遅れてしまいスミマセン。これからも遅いですが必ず更新はします。

 次の日の放課後、真琴は有栖と下校しようとA組へと向かった。もともと彼は明日那と帰ろうとしていたが用事があると断られてしまったのだ。真琴は用事とやらが気になったが本人が言いたがらないので、詳しく聞かずに別れた。頭の中では“あいつのことだから手伝いか何かかな…”と考えていた。

A組に着いた真琴は周りからの視線に気がついた。制服が違うわけでもないが、彼らは自らがA組である事に誇りを持っているのだろう。そんなところに別のクラス、しかも別の階の生徒が現れたとなると仕方がないのかもしれない、と考える。

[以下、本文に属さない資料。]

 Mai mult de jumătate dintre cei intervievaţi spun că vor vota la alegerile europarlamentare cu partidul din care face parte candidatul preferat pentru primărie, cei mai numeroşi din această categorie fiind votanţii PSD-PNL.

しかし、そんな事を気にする真琴でもなくいつもと変わらない様子で教室へと入っていった。有栖に声をかけようとしたときちょうど誰かと話をしていた。その相手は白に近い銀色の髪を肩まで伸ばしていて、花の付いたカチューシャをしていた。背は有栖くらいでどこかほんわかとした雰囲気をしている。小柄ながらも女性らしい姿に可愛いというより美しいと感じた。真琴は話している有栖の机へと近づいて声をかけた。


「有栖、話しているところ悪いが一緒に帰らないか?」


クラスメイトと話していた有栖だったが真琴の声が聞こえるやいなやすぐに声の方へと振り向いた。その顔はクラスで作るような笑みではなく、誰が見ても嬉しそうと思うような雰囲気を纏った笑顔だったことから兄に会えた嬉しさは一目瞭然だった。

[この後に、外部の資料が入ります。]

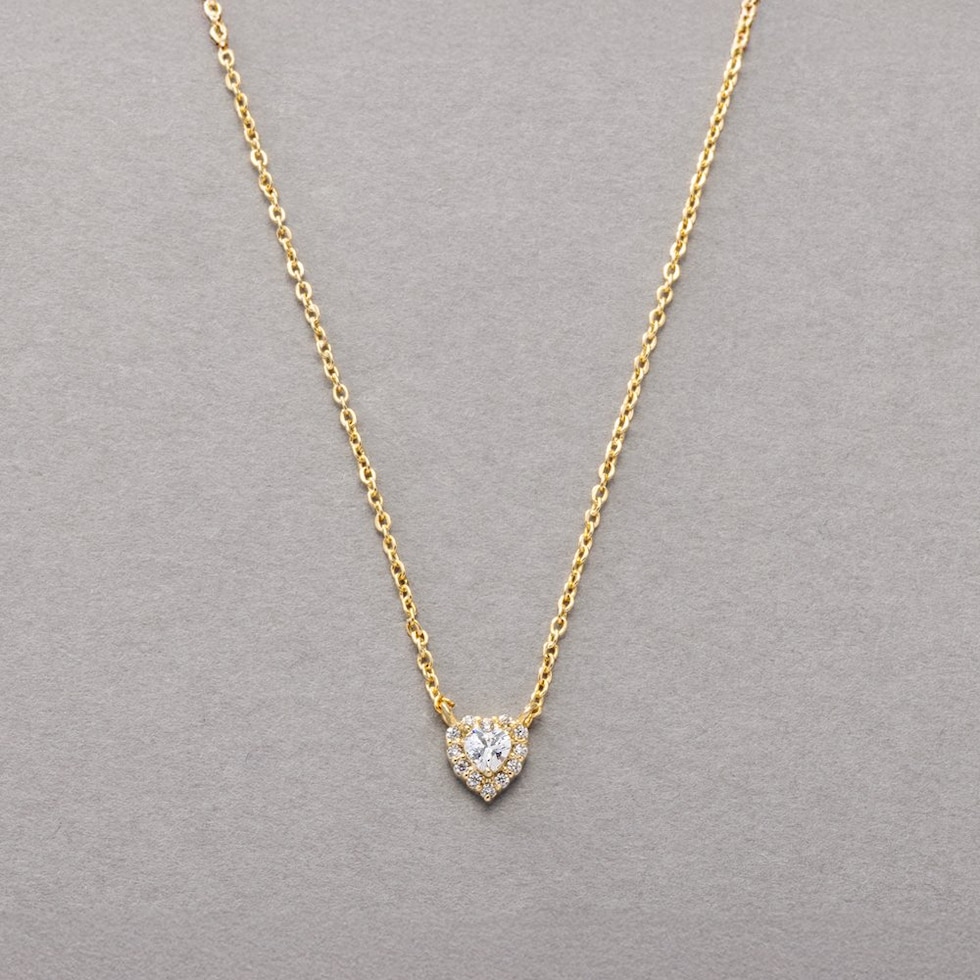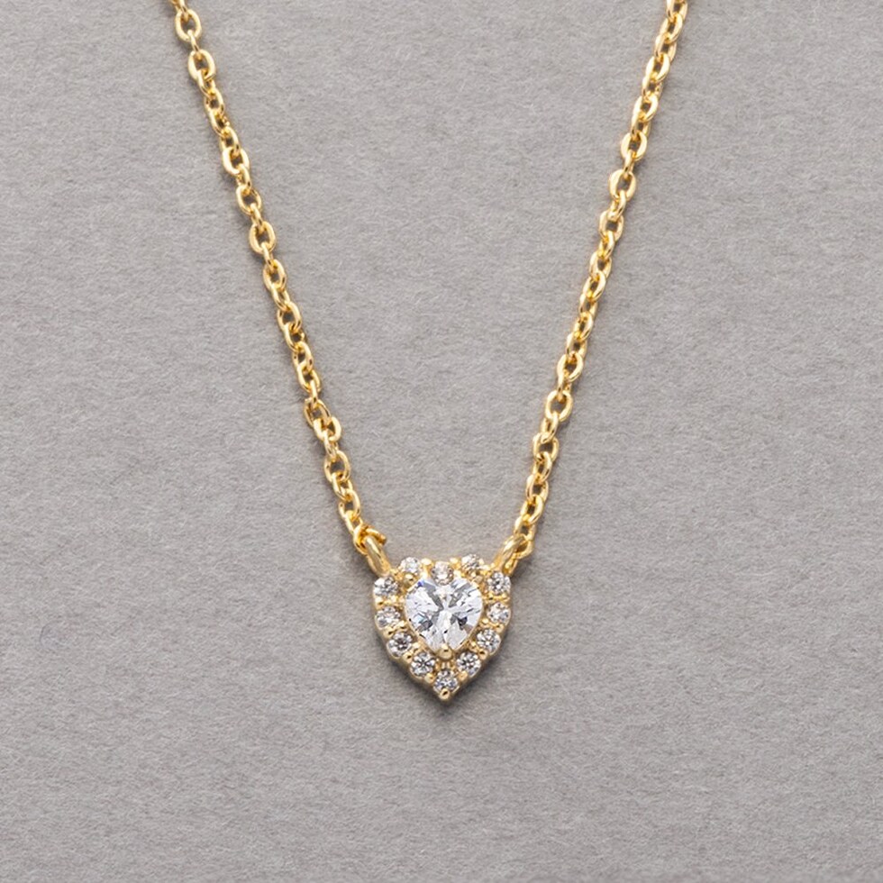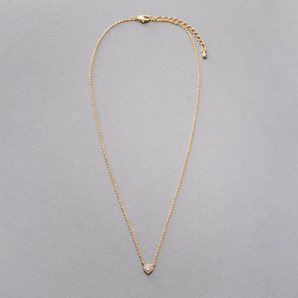 小粒なハートモチーフが煌めくビジューネックレス。合わせやすいサイズ感で品良く煌めいてくれるひと品。様々なシーンにマッチしてくれるオススメのアイテムです◎

「わざわざ教室まで迎えに来てくれてありがとうございます、兄さん。」


そう言った有栖だったが嬉しそうな顔が一転、申し訳なさそうな顔になった。真琴はなんとなく察して声をかけた。


「どうした有栖?何か用事があったならそちらを優先して構わないぞ。」


有栖や聖奈は真琴の頼みを断るとき毎回、今のようにバツが悪そうにする。最近は高校生ともなると兄は冷たく扱われると何処かで聞いたことがあるので、真琴から見たら気にかけてもらえる分嬉しいのだが、彼はもう少し離れても良いんじゃないかなと思ってもいる。

有栖は真琴の言葉を聞いて理由を話そうとしたが、何かを思い出したようだった。その仕草を見て真琴も先程からこちらを見つめる少女の視線に気がついた。

真琴は有栖に目線を向けて説明を促した。


「すみません、兄さん。うっかりしていました。こちらは新しい友達の三葉です。

三葉、こちらが私の兄の真琴です。」


「真琴さんですか。初めまして、妹さんと仲良くさせて…もらう予定の三葉です。」


三葉は挨拶と共に頭を下げた。今の発言といい、おっとりした姿といいなんだか垢抜けているな、と真琴は感じた。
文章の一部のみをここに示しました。